Вот вернёмся из города, и, может, успеешь еще встретиться с огольцами своими и похвалиться покупками. Да и одежонку тебе надо бы купить в школу: за лето подрос сильно и твои вещи, наверно, уже малы будут, – закончил отец и, сев за стол, тоже принялся кушать оладьи, запивая их горячем чаем, как он любил.
Ваня поначалу сильно расстроился, что его планы поменялись, но потом, вспомнив прошлые поездки в город, повеселел: там всегда было много интересного и нового, чего здесь в селе никогда не увидишь. Да и покупки к школе обещали радость и возможность погордится перед приятелями, которые в школу идти не собирались – так решили у них в семье: пора начинать заниматься хозяйством крестьянским, а не протирать штаны в школе: авось и без грамоты проживут, как их отцы и деды.
Ваня пошёл к себе собираться в церковь. В холщовой рубахе на голое тело и босиком в церковь идти нельзя, и он одел чистую рубаху, штаны и сандалии, заправив рубаху под ремень, который ему достался ещё от брата Иосифа.
Ваня вышел снова во двор, думая, что отец уже ждёт его нетерпеливо и будет ругаться за долгие сборы, но во дворе отец, сняв рубаху, сидел на табуретке, а Фрося большими ножницами укорачивала и ровняла ему бороду, нестриженную с ранней весны. Она умело чикала ножницами и клочки седоватой бороды отца падали на землю и катились к воротам, подгоняемые лёгким ветерком с сада-огорода.

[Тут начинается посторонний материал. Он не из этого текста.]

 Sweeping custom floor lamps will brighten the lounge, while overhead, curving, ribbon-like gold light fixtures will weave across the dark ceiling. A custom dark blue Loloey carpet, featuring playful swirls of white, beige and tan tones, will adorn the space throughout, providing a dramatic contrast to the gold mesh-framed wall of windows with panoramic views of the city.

Борода отца превратилась в аккуратную бородку, но волосы на голове теперь казались лохмами, и Фрося принялась укорачивать и волосы. Скоро она закончила стрижку, отец встал, отряхнулся и, подойдя к зеркальцу у рукомойника, взглянул на себя. Из зеркальца на него глядел пожилой благовидный мужчина – явно не простолюдин и стриженный, как бы в цирюльне.

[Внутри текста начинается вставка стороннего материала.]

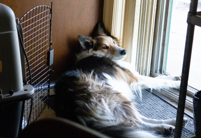 I wondered if he might not benefit from some Rescue Remedy and maybe even a Thundershirt. This has been a very anxious summer for him. He’s a worrywart. (His wife was the opposite; she thought his worrying was stupid, which of course made him a little cross, but he misses hearing that calm voice.) We purebred border collies tend to worry about things, too, and I don’t like thunder and lightning at all, so I’m not really being critical.

– Где же ты наловчилась стрижке? – спросил довольный отец у Фроси, заметавшей веником все клочки волос, чтобы не осталось ни одного и потом их сжечь в печи. По крестьянскому поверью, клочки волос не должны попадать чужим людям, которые могут по единому клочку волос из бороды или головы навести порчу на их хозяина.

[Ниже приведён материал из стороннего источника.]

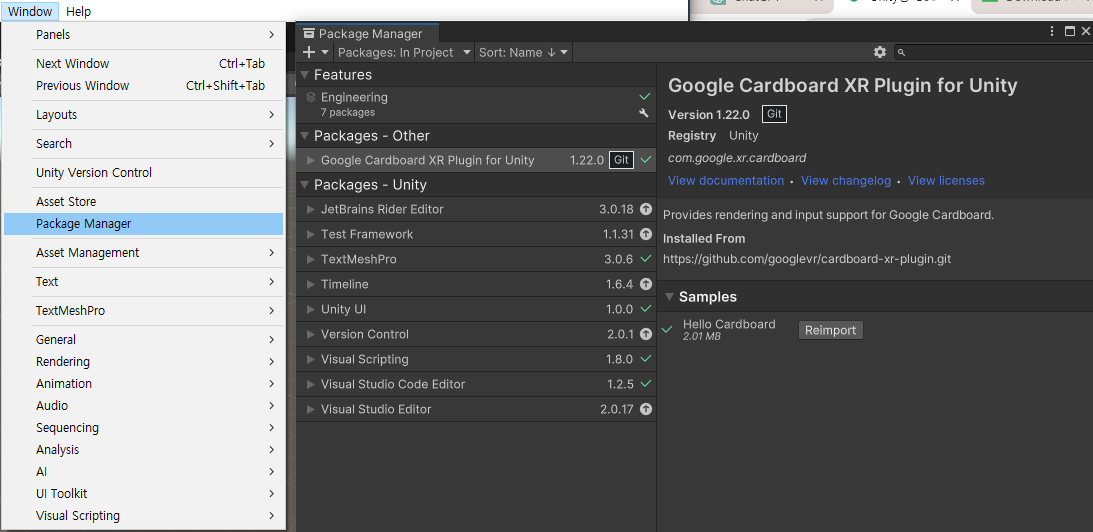 설치가 완료되었으면 상단의 화면처럼 Google Cardboard XR Plugin for Unity가 설치될 것이다. 그리고 Sample에 있는 Hello Cardboard를 가져오자. 참고로, 공식적으로는 유니티가 2019 버전부터 cardboard 지원을 종료하여 플러그인을 직접 수동으로 설치하는 과정이 필요하다.

– Я всю семью нашу стригу: и мужиков, и жён их, и детей, – отвечала Фрося, собрав все волосы по двору и бросив их в печь, пришёптывая что-то про себя – для отвода сглаза.
– У других баб ничего не получается, а у меня выходит, нужно только не торопиться и чтобы ножницы были острыми. Я перед стрижкой посмотрю сначала на человека, прикину, как он будет казаться после, и начинаю стрижку по своему разумению. Ещё никто не жаловался, что я ему плохо сделала с волосами и бородой.
С девками проще – там только кончики волос подравняю, а уж косы они сами заплетают, а вот с мужиками следует повозиться, чтобы не навредить, особенно с бородой, – бойко отвечала Фрося, надевая фартук, чтобы приступить к готовке обеда. Пётр Фролович сказал ей о своей поездке в город после обедни и ей следовало поторопиться и подкормить барина в дорогу.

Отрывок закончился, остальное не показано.